- SOURCE DATA -

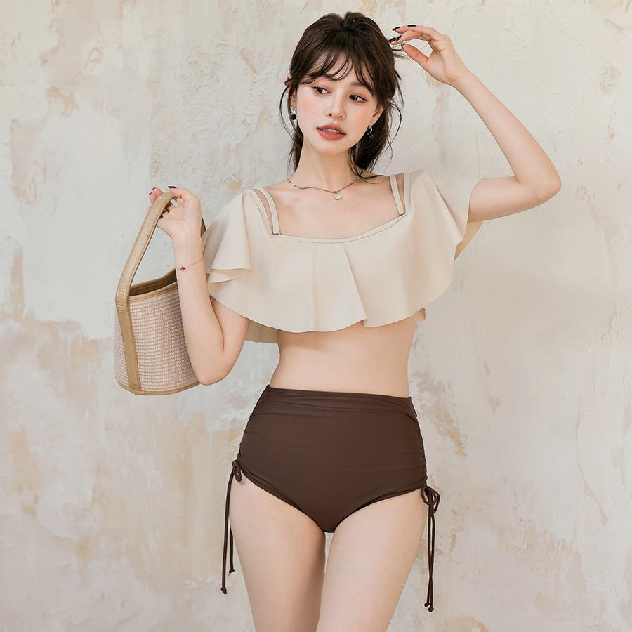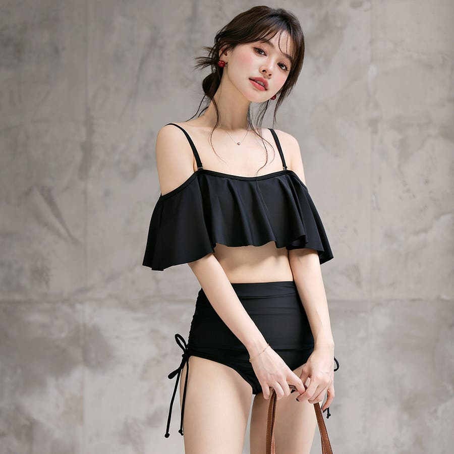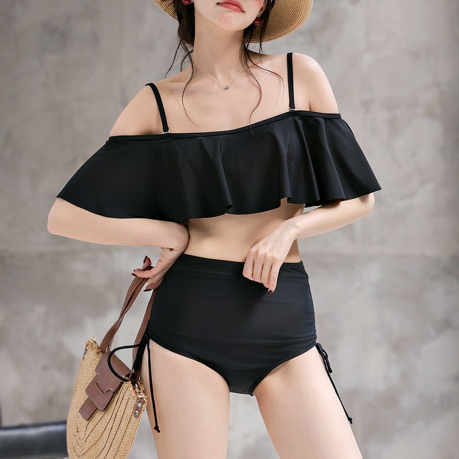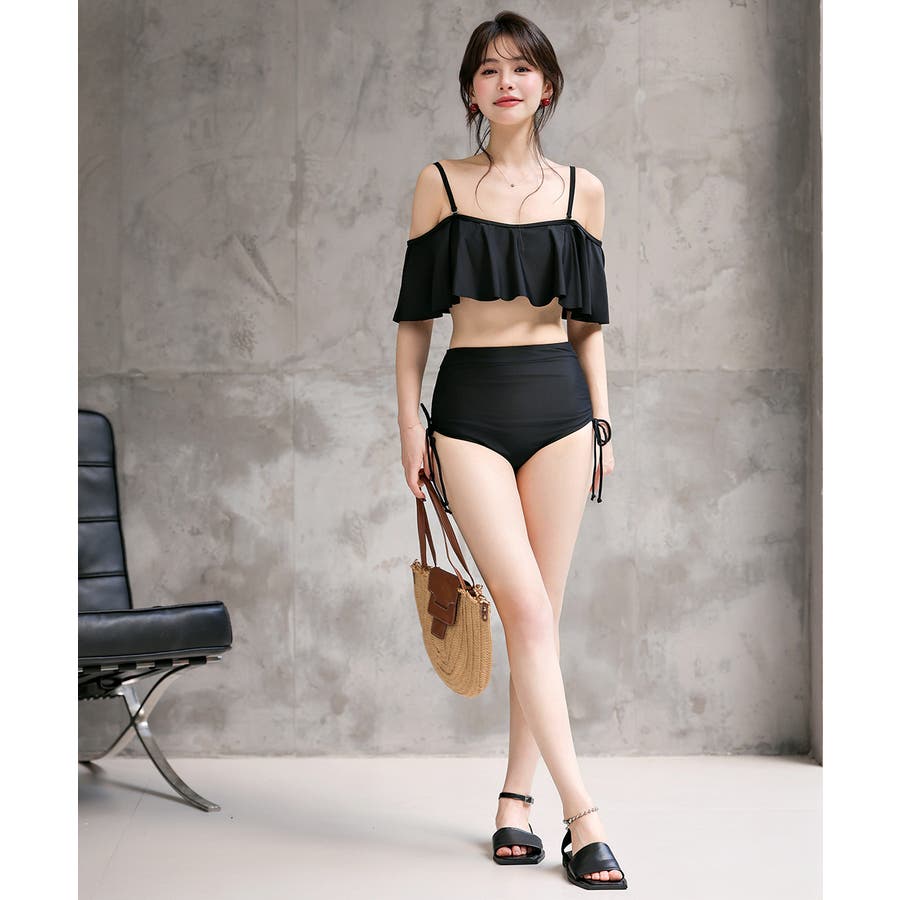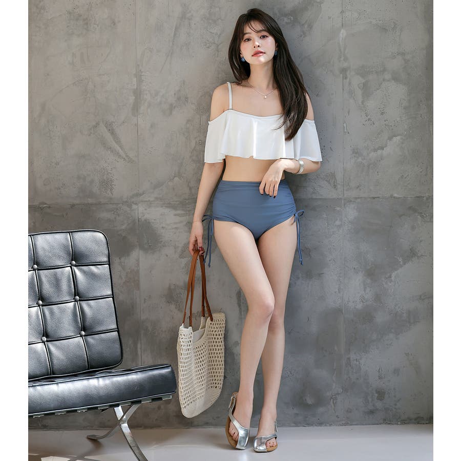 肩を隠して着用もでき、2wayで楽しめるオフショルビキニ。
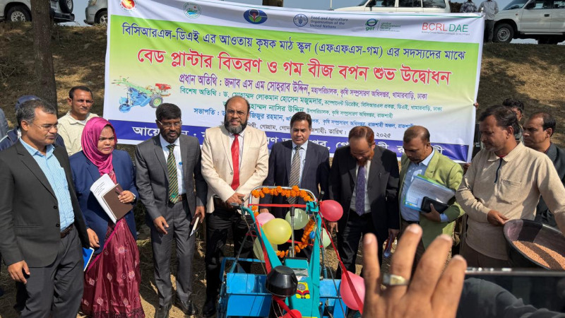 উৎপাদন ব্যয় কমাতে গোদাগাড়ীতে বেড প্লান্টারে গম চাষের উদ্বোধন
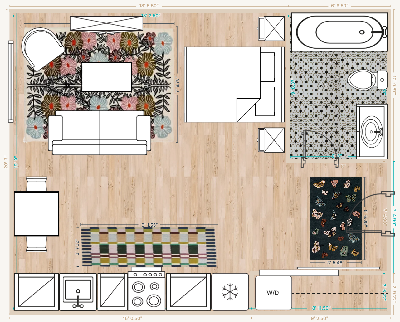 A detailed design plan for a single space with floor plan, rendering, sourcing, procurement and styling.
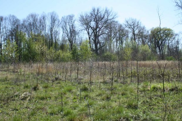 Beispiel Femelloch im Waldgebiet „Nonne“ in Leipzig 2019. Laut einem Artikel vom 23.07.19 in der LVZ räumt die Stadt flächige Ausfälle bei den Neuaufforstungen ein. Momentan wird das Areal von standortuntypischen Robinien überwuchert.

--

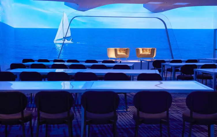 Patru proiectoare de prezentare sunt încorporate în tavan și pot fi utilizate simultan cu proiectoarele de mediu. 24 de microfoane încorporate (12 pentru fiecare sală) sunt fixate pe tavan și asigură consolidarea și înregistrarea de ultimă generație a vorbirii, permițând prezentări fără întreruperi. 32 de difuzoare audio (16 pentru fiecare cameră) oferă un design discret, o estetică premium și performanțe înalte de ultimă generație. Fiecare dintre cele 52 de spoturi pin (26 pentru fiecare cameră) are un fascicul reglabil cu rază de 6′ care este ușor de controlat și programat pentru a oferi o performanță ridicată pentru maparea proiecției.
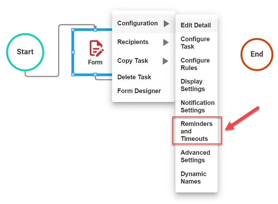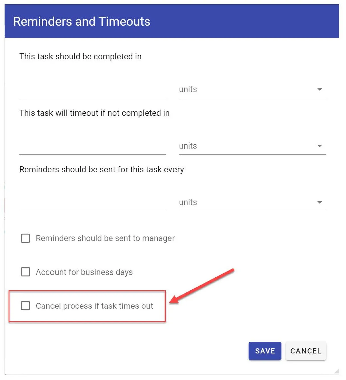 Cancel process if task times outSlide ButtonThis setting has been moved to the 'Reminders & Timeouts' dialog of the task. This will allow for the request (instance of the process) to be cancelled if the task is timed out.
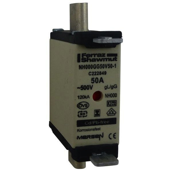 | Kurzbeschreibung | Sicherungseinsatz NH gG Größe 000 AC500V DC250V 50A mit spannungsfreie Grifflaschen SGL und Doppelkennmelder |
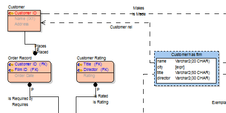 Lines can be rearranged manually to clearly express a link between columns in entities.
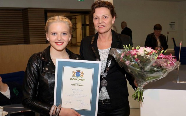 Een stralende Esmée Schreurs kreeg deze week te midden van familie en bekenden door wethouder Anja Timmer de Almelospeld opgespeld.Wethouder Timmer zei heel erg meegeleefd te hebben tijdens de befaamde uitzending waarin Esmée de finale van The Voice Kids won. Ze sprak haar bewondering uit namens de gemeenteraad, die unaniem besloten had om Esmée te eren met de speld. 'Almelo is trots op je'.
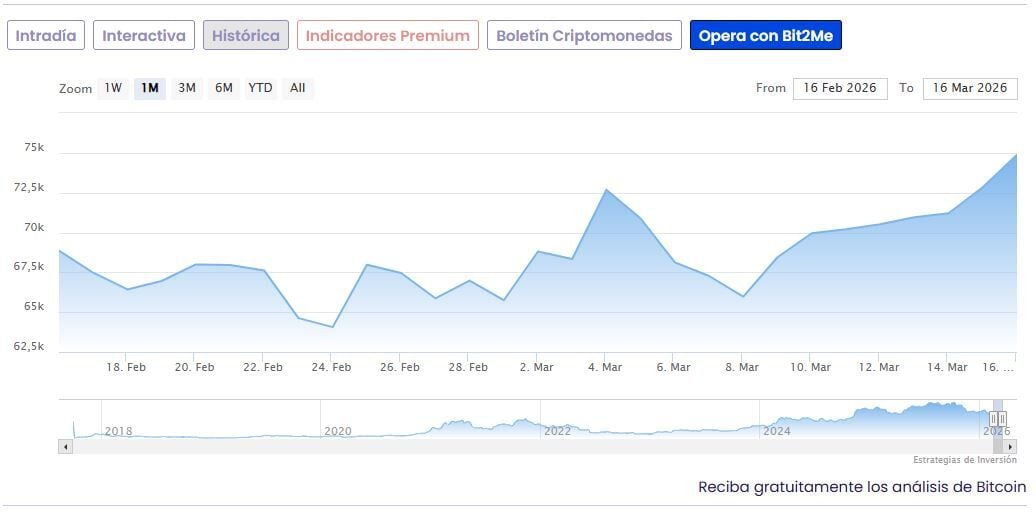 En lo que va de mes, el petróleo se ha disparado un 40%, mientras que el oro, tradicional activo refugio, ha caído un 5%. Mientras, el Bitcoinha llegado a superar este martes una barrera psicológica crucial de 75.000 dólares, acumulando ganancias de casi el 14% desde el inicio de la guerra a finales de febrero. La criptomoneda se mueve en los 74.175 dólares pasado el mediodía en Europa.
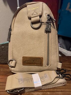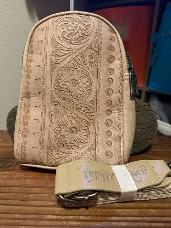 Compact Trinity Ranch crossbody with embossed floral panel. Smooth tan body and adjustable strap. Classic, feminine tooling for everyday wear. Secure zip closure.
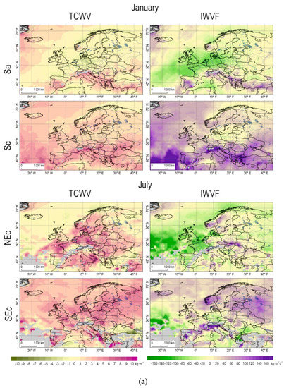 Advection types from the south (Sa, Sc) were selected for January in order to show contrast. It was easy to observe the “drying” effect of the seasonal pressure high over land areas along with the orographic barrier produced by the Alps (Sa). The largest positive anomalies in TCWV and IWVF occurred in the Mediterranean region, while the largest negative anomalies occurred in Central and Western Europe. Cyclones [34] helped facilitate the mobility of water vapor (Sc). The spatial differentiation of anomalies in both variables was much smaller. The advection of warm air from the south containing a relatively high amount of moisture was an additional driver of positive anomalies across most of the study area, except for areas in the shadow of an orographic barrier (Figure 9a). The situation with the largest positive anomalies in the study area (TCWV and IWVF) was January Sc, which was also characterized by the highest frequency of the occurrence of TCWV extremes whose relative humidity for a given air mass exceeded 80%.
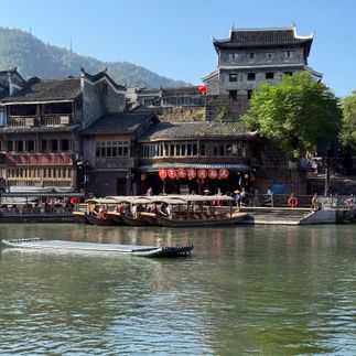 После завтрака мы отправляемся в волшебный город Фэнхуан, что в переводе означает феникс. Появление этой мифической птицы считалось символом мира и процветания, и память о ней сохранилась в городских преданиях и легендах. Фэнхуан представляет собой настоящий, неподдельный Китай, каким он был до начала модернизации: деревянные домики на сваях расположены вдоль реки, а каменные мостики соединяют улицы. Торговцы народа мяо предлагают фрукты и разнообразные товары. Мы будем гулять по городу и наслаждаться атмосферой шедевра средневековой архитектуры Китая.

- WHAT YOU ARE ASKED TO DO -
Everything above from the line that has "und Doppelkennmelder |" down to the line that has "Lines can be" should be output exactly, with both of those lines included. Leave the pictures behind.

- EXERCISE OUTPUT -
 | Kurzbeschreibung | Sicherungseinsatz NH gG Größe 000 AC500V DC250V 50A mit spannungsfreie Grifflaschen SGL und Doppelkennmelder |
 Lines can be rearranged manually to clearly express a link between columns in entities.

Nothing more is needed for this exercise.